The search engine spider simulator can be of great help when
trying to figure out if the hyperlinks lead to the right place. For
instance, link exchange websites often put fake links to your site
with _javascript (using mouse over events and stuff to make the link
look genuine) but actually this is not a link that search engines
will see and follow. Since the spider simulator would not display
such links, you'll know that something with the link is wrong.

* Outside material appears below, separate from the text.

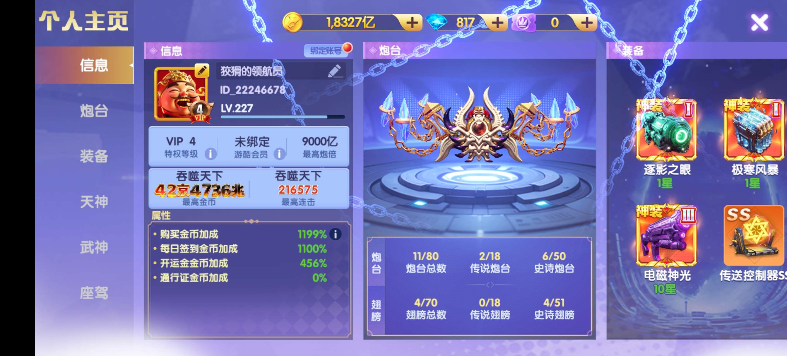 极品小号9000炮上过100京,天神全上班,三级洪荒,6武神600连斩,神装滋炮,道具多,一口价

It is highly recommended to use the <noscript> tag, as
opposed to _javascript based menus. The reason is that _javascript
based menus are not spiderable and all the links in them will be
ignored as page text. The solution to this problem is to put all menu
item links in the <noscript> tag. The <noscript> tag can
hold a lot but please avoid using it for link stuffing or any other
kind of SEO manipulation.
If you happen to have tons of hyperlinks on your pages (although
it is highly recommended to have less than 100 hyperlinks on a page),
then you might have hard times checking if they are OK. For instance,
if you have pages that display “403 Forbidden”, “404
Page Not Found” or similar errors that prevent the spider from
accessing the page, then it is certain that this page will not be
indexed. It is necessary to mention that a spider simulator does not
deal with 403 and 404 errors because it is checking where links lead
to not if the target of the link is in place, so you need to use
other tools for checking if the targets of hyperlinks are the
intended ones.
Looking for Your Keywords
While there are specific tools, like the Keyword
Playground or the Website
Keyword Suggestions, which deal with keywords in more detail,
search engine spider simulators also help to see with the eyes of a
spider where keywords are located among the text of the page. Why is
this important? Because keywords in the first paragraphs of a page
weigh more than keywords in the middle or at the end. And if keywords
visually appear to us to be on the top, this may not be the way
spiders see them. Consider a standard Web page with tables. In this
case chronologically the code that describes the page layout (like
navigation links or separate cells with text that are the same
sitewise) might come first and what is worse, can be so long that the
actual page-specific content will be screens away from the top of the
page. When we look at the page in a browser, to us everything is fine
– the page-specific content is on top but since in the HTML
code this is just the opposite, the page will not be noticed as
keyword-rich.
Are Dynamic Pages Too Dynamic to be Seen At All
Dynamic pages (especially ones with question marks in the URL) are
also an extra that spiders do not love, although many search engines
do index dynamic pages as well. Running the spider simulator will
give you an idea how well your dynamic pages are accepted by search
engines. Useful suggestions how to deal with search engines and
dynamic URLs can be found in the Dynamic
URLs vs. Static URLs article.
Meta Keywords and Meta Description
Meta keywords and meta description, as the name implies, are to be
found in the <META> tag of a HTML page. Once meta keywords and
meta descriptions were the single most important criterion for
determining relevance of a page but now search engines employ
alternative mechanisms for determining relevancy, so you can safely
skip listing keywords and description in Meta tags (unless you want
to add there instructions for the spider what to index and what not
but apart from that meta tags are not very useful anymore).